Under the supervision of Prof. Vipin Chaudhary

M.S. in Computer and Data Sciences (GPA: 4.0/4.0) • Case Western Reserve University

Thesis: Test-Time Scaling Under Budget: Reasoning Evaluation and Memory-Efficient LLM Deployment, Supervisor: Prof. Vipin Chaudhary

B.S. in Electrical EngineeringUniversity of Tehran

Thesis: Evaluating and Analysis on Therapeutic Environment's Network Using Simple Network Management Protocol for Fault Detection and Management, Routing and Auto-discovery, Supervisor: Prof. Reza Aghaizadeh Zoroofi

Publications

M Hariri, M Hinczewski, J Ma, V Chaudhary

Ranking Reasoning LLMs under Test-Time ScalingACL 2026 Main

Studies how to rank reasoning LLMs when each question is sampled multiple times (test-time scaling). Formalizes the repeated-trial setting, compares ranking families (metrics, Bayesian, IRT, voting, spectral), and introduces Scorio, an open-source toolkit for stable LLM ranking.

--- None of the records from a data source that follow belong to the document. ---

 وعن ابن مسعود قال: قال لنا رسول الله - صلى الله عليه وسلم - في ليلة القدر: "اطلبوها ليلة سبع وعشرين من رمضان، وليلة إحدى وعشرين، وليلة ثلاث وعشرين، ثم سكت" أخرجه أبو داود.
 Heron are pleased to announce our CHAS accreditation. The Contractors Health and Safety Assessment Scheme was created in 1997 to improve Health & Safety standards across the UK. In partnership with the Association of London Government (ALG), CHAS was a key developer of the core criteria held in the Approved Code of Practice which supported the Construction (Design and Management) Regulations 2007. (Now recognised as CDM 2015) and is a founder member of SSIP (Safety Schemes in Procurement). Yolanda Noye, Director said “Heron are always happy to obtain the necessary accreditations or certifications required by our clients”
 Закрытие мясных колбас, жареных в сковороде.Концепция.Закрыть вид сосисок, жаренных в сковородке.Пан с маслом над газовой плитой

M Hariri, A Samandar, M Hinczewski, V Chaudhary

Don't Pass@k: A Bayesian Framework for Large Language Model EvaluationICLR 2026

Proposed a Bayesian framework that estimates models’ success probabilities with quantified uncertainty, yielding more reliable rankings and enabling categorical evaluation of LLMs.

M Hariri, A Luo, W Chen, T Zhang, Q Wang, X Han, V Chaudhary

Quantize What Counts: More for Keys, Less for ValuesACL 2026 Findings

Keys carry more information than values; consequently, key tensors require a larger quantization bit-width, smaller group sizes, and outlier mitigation (e.g., Hadamard transformation).

M Hariri, V Chaudhary

Geom@k: Fast to Converge, Slow to DriftCOLM 2026

Shows that test-time scaling evaluation should separate discovery from repeated correctness, derives Geom@k and the broader GeoSpectrum@K family from a shared hypergeometric view of fixed-budget metrics, and finds that Geom@2 gives the best convergence and rank-correlation summaries across all six aggregate settings.

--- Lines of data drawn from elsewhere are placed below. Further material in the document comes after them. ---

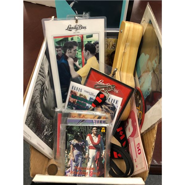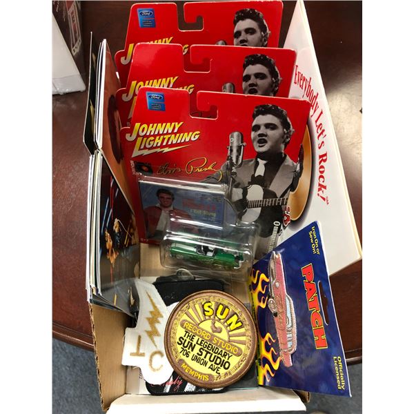 Box of assorted Elvis Presley memorabilia - die cast metal cars/ sew on patches/ post cards etc.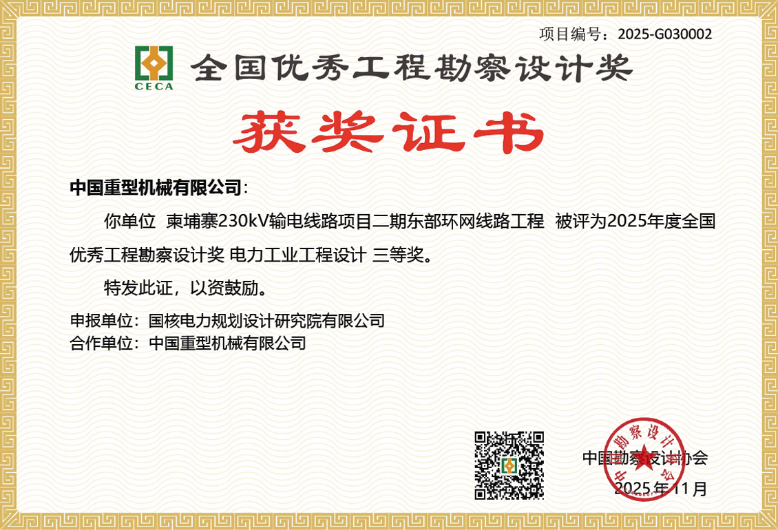 近日,在2025年度全国优秀工程勘察设计奖评选活动中,由中国重机承建的柬埔寨230kV输电线路项目二期东部环网线路工程,凭借卓越的设计水准与工程质量,荣获电力工业工程设计类三等奖。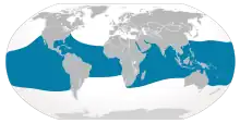 The shark is seen by divers in many places, including the Bay Islands in Honduras, Thailand, Indonesia (Bone Bolango, Cendrawasih Bay), the Philippines, the Maldives close to Maamigili (South Ari Atoll), the Red Sea, Western Australia (Ningaloo Reef, Christmas Island), Taiwan, Panama (Coiba Island), Belize, Tofo Beach in Mozambique, Sodwana Bay (Greater St. Lucia Wetland Park) in South Africa,[74] the Galapagos Islands, Saint Helena, Isla Mujeres (Caribbean Sea), La Paz, Baja California Sur and Bahía de los Ángeles in Mexico, the Seychelles, West Malaysia, islands off eastern peninsular Malaysia, India, Sri Lanka, Oman, Fujairah, Puerto Rico, and other parts of the Caribbean.[70] Juveniles can be found near the shore in the Gulf of Tadjoura, near Djibouti, in the Horn of Africa.[75]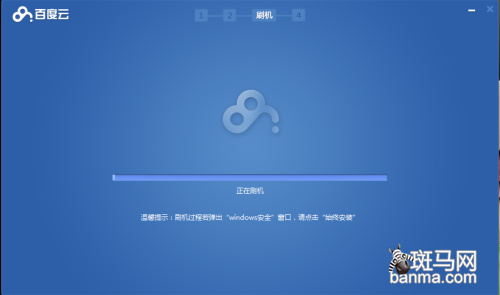 完成Rom包的下載,則直接進入正是刷機步驟,在整個刷機過程中,沒有多余的操作了選項,只需要額外的“應對”Windows彈出的安全窗口。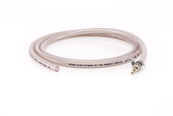 The measuring instrument has a gas connection for optional operation with an external gas supply. The PA2210 accessory is available to establish the connection. The two-meter-long, pressure-stable fabric hose ends in a compatible quick-lock coupling secured with a clamp.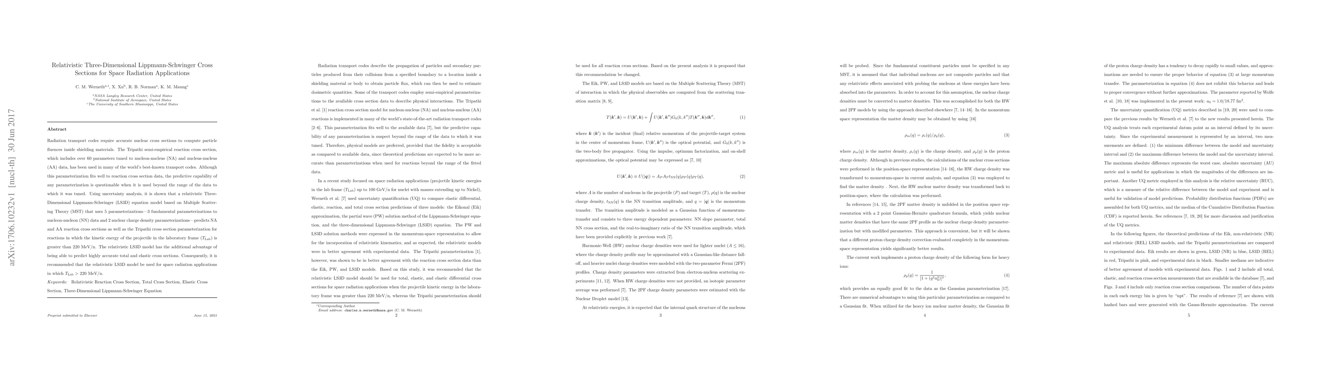 Radiation transport codes require accurate nuclear cross sections to compute particle fluences inside shielding materials. The Tripathi semi-empirical reaction cross section, which includes over 60 parameters tuned to nucleon-nucleus (NA) and nucleus-nucleus (AA) data, has been used in many of the world's best-known transport codes. Although this parameterization fits well to reaction cross section data, the predictive capability of any parameterization is questionable when it is used beyond the range of the data to which it was tuned. Using uncertainty analysis, it is shown that a relativistic Three-Dimensional Lippmann-Schwinger (LS3D) equation model based on Multiple Scattering Theory (MST) that uses 5 parameterizations---3 fundamental parameterizations to nucleon-nucleon (NN) data and 2 nuclear charge density parameterizations---predicts NA and AA reaction cross sections as well as the Tripathi cross section parameterization for reactions in which the kinetic energy of the projectile in the laboratory frame ($T_{\rm Lab}$) is greater than 220 MeV/n. The relativistic LS3D model has the additional advantage of being able to predict highly accurate total and elastic cross sections. Consequently, it is recommended that the relativistic LS3D model be used for space radiation applications in which $T_{\rm Lab}>$ 220 MeV/n.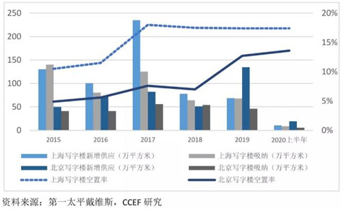疫情沖擊加劇一二線城市商務(wù)寫字樓空置率上升和租金下行壓力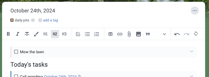 When filtering on a tag, we now include tasks that link to notes with that tag. This seemingly small change makes tag-based organization significantly more powerful. Tag a project note with "urgent," and all tasks linking to that note become visible when filtering for urgent items.

M Hariri, M Hinczewski, V Chaudhary

Scorio.jl: A Julia package for ranking stochastic responsesJuliCon 2026

A Julia package for evaluating and ranking stochastic systems from repeated responses using a unified tensor-based framework.

A Yu, M Hariri, K Nakamura, M Yang, X Li, V Chaudhary (equal contribution)

Medical Image Spatial Grounding with Semantic SamplingMICCAI 2026

Evaluates VLM spatial grounding in 3D medical images across modalities and coordinate systems. Introduces MIS-Ground for anatomy-specific failure analysis and MIS-SemSam for improved inference-time grounding without retraining.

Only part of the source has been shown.